Cell Counting Kit-8 (CCK-8) is a nontoxic, highly sensitive colorimetric assay for the determination of cell viability in cell cytotoxicity assays. The cytotoxicity of the S-layer protein for mouse DCs was measured using the CCK-8 assay.

Activation and adhesion of the S-layer protein to DCs

DCs grown in 12-well plates (106 cells per well) were incubated with the S-layer protein at a concentration of 400 μg/ml. Untreated DCs were used as the negative control and DCs treated with LPS were used as the positive control. After 24 h of treatment, the supernatant was collected, and the DCs were washed three times with PBS. The expression of maturation markers on the DCs surface of DCs was evaluated by flow cytometry.

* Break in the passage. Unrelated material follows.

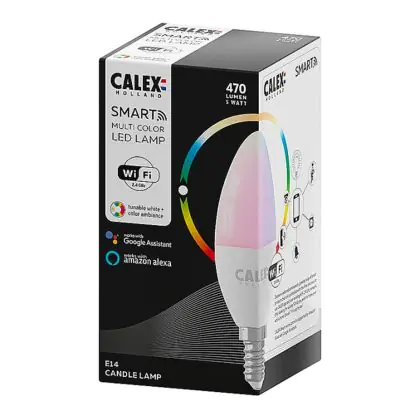 Puoi installare facilmente la lampadina smart Candela LED tramite l'app ufficiale Calex, che puoi scaricare gratuitamente. Calex utilizza la piattaforma Tuya, che si collega al Wi-Fi di casa. Usando l’app è possibile controllare più lampade contemporaneamente e assegnare a ciascuna lampadina il proprio nome, ad esempio "Luce sopra la TV". Non solo potrai accendere la luce da qualsiasi punto della casa, ma potrai anche impostare un timer in modo che si accenda automaticamente quando vuoi tu. Comodo vero?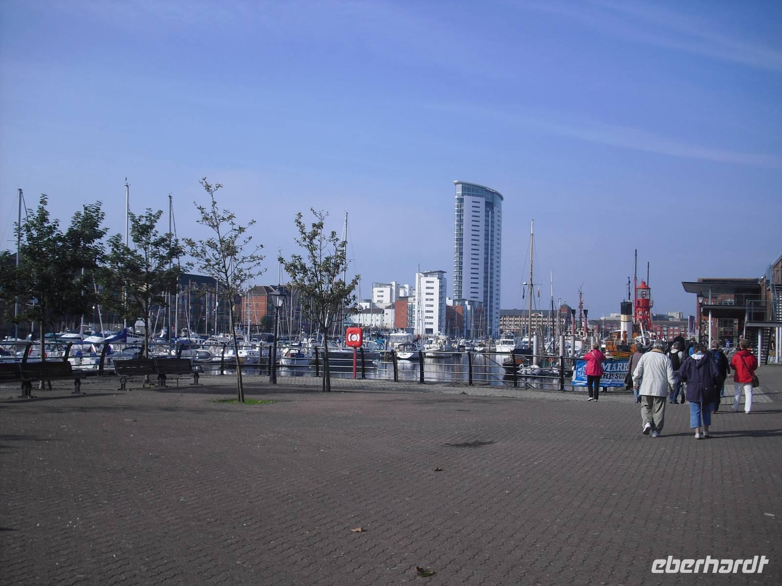 Nach unserem letzten Frühstück in Cardiff starteten wir nach Swansea, der zweitgrößten Stadt in Wales und zugleich Geburtsort des walisischen Poeten Dylan Thomas. Am Hafen, dessen ehemalige Speicherhäuser zu Wohnungen, Pubs und Restaurants umgestaltet wurden, fanden wir die Statue vom großen Sohn der Stadt. An der Promenade konnten wir auch Muschelsucher sehen. Die Cockles sind eine leckere, aber auch teure Spezialität.

The IL-10 and TFN-α mRNA expression levels in the supernatant were evaluated by qRT-PCR. Binding of the S-layer protein to mouse DCs was detected by immunofluorescence assay.

Infection of DCs with the H9N2 virus

H9N2 virus (106 EID50) was incubated with DCs grown in 12-well plates (106 cells per well) at 4°C with 1 μg/ml TPCK-trypsin. After 1 h incubation, the medium was removed and fresh medium (RPMI 1640 supplemented with 2% heat-inactivated FBS, 1% streptomycin and penicillin, 10 ng/ml GM-CSF, and 1 μg/ml TPCK-trypsin) was added. DCs were collected after 1 h and evaluated by flow cytometry. Alternatively, DCs were collected at 1, 6, 12, and 24 h for qRT-PCR. The adhesion of the H9N2 virus to mouse DCs was detected by immunofluorescence assay.

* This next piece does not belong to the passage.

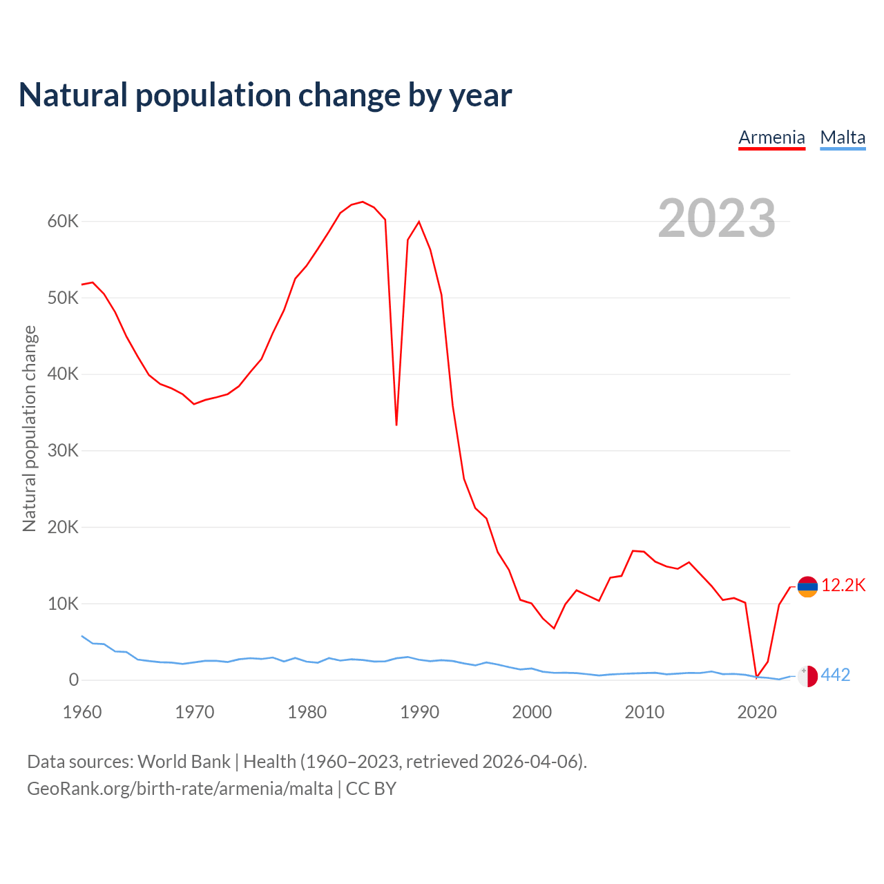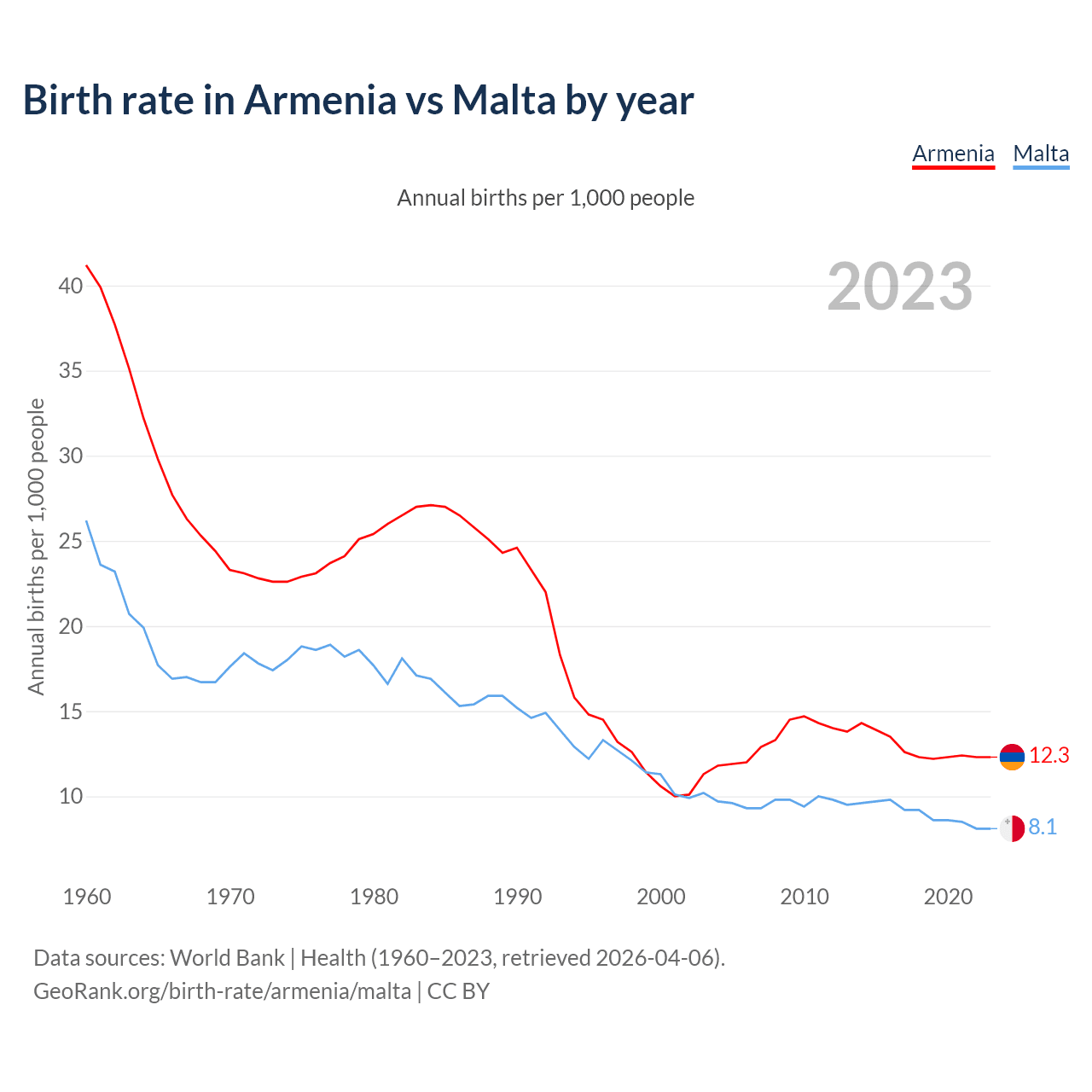 According to the latest available data on birth rates, the fertility rate in Armenia was 1.9 children per woman in 2023, compared to 1.06 in Malta in 2023. The replacement level is considered to be 2.1 children per woman.

Inhibition of H9N2 viral infection of DCs

DCs grown in 12-well plates (106 cells per well) were treated with different concentrations of the S-layer protein for 1 h. After removal of the culture media, the DCs were infected with the H9N2 virus in the presence of the S-layer protein. DCs were collected at 1 h post infection and then analyzed by FACS. The S-layer protein (400 μg/ml) was used for the following inhibition experiments. Additionally, DCs infected with H9N2 with or without S-layer protein treatment (400 μg/ml) were collected 1 h post-infection for qRT-PCR.

Immunofluorescence assays

DCs were grown on glass coverslips for 4 h. Then, the cells were infected with the DyLight 488-H9N2 virus (green) for 1 h. The cells were rinsed three times with PBS, fixed with 4% formaldehyde, and permeabilized with 0.2% Triton X-100. After staining with CD11c (red) and DAPI (blue), the DCs were observed by confocal microscopy.

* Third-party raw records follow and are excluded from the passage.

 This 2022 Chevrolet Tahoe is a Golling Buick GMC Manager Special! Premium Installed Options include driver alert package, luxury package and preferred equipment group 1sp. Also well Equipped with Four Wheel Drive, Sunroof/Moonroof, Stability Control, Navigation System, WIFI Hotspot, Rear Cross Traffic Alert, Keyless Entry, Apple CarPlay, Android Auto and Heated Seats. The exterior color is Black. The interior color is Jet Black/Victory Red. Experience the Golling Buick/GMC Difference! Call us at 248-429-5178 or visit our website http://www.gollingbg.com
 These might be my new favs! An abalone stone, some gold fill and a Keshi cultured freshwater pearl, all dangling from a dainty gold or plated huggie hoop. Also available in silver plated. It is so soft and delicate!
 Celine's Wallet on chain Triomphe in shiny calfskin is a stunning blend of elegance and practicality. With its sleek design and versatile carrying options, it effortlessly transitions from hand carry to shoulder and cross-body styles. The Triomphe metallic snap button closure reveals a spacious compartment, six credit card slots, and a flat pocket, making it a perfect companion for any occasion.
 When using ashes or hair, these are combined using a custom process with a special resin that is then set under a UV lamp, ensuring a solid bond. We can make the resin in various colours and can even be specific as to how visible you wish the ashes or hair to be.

To verify the adhesion of the S-layer protein to the mouse DCs, the DCs were grown on glass coverslips for 4 h and cocultured with the Dylight 594-labeled S-layer protein for 1 h. Then, the cells were then rinsed three times with PBS, fixed with 4% formaldehyde, and permeabilized with 0.2% Triton X-100. The cells were cultured with an anti-DC-SIGN antibody (Abcam), incubated with the Alexa Fluor 488-conjugated secondary antibody, and observed by confocal microscopy.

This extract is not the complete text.